The wind had finally stopped.
All morning it had swept across the battlefield of Kurukshetra, snapping
at the war banners and throwing dust into soldiers' eyes. But now the air
hung still, heavy with the smell of trampled grass and oiled leather. The
horses stood quiet. Even the crows had stopped circling.
Arjuna sat in his chariot, his great bow Gandiva resting across his knees.
His palms were raw from gripping it, and his fingers ached in that deep way
that comes not from fighting but from holding on too tightly to something.
He stared at the reins in Krishna's hands — dark hands, steady hands, hands
that never trembled.
Krishna had just shown him everything. The cosmic form. The universe inside
a body — galaxies spinning in his mouth, rivers of time pouring from his
eyes, every creature that ever lived and every creature that ever would.
Arjuna had seen it, and his mind was still ringing from it, the way a
bronze bell rings long after it has been struck.
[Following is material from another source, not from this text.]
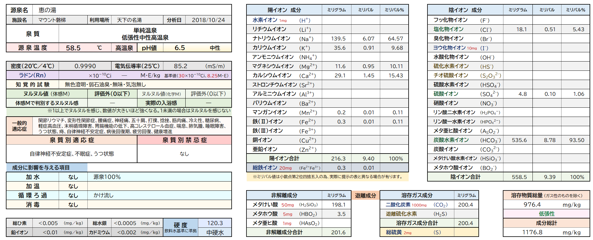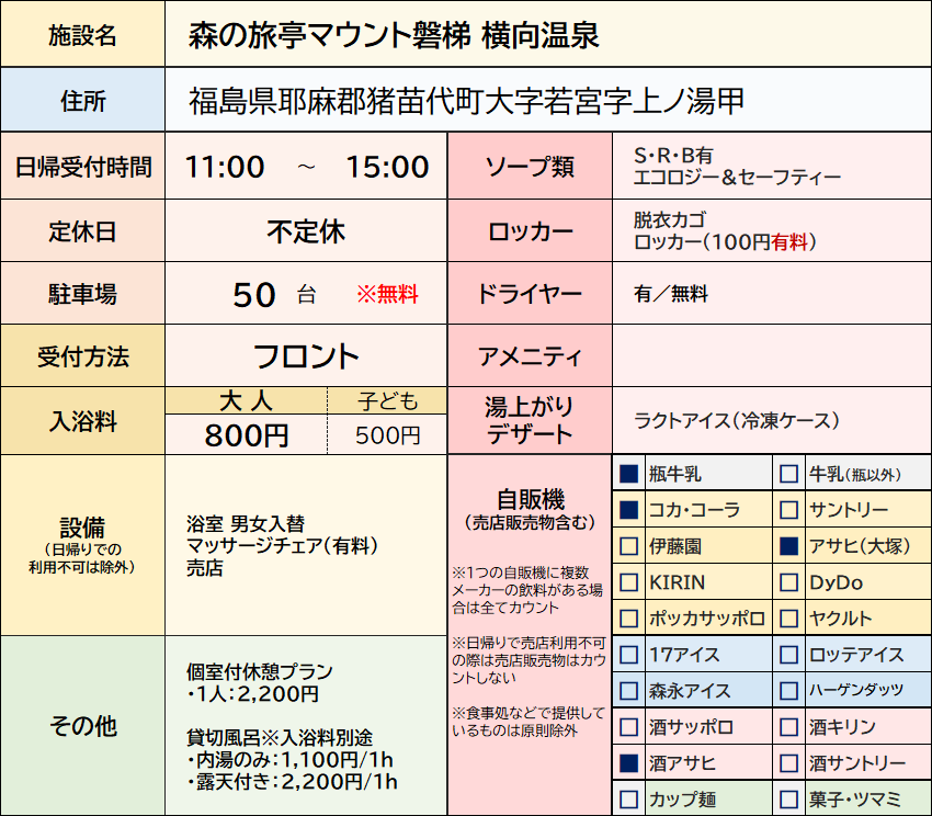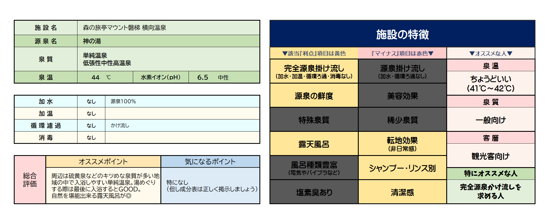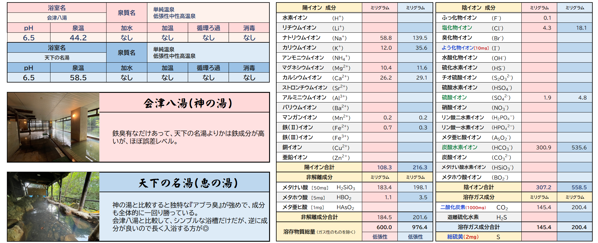 イチオシ単純温泉完全源泉かけ流し猪苗代温泉福島県 スキー場岩風呂横向温泉露天風呂 イチオシ 2025.09.262025.10.03 森の旅亭 マウント磐梯 番号 154 県市 猪苗代町 基本情報 成分表1 成分表2 成分表3 成分表4 成分表5 総評

But now Krishna sat beside him again, looking ordinary. A charioteer with
a peacock feather in his hair. A friend with a half-smile. And Arjuna
found himself thinking about the old rishis in the forest — the ones his
mother Kunti had told him about when he was small. Those sages didn't
worship a person. They sat with closed eyes and searched for something
they couldn't see, couldn't name, couldn't hold. Something beyond all
form.
"Krishna," Arjuna said, and his voice came out quieter than he expected.
Krishna turned.
"Some people love you like this — face to face, the way I do. They sing
your name, they bring you flowers, they talk to you as if you're sitting
right there. But others close their eyes and reach for something they
can't even describe. Something without shape."
He paused. A single crow called out somewhere behind the army lines.
"Who understands better? Which way is the real way?"
It was the simplest question he had ever asked. Not about war, not about
duty, not about the fate of kingdoms. Just this: when you love something
bigger than yourself, is it better to love what you can see, or to search
for what you cannot?
Krishna's half-smile deepened. Of all the questions Arjuna had asked across
eighteen chapters of doubt and wonder, this one — asked in a tired voice,
on a still battlefield — might have been the most honest.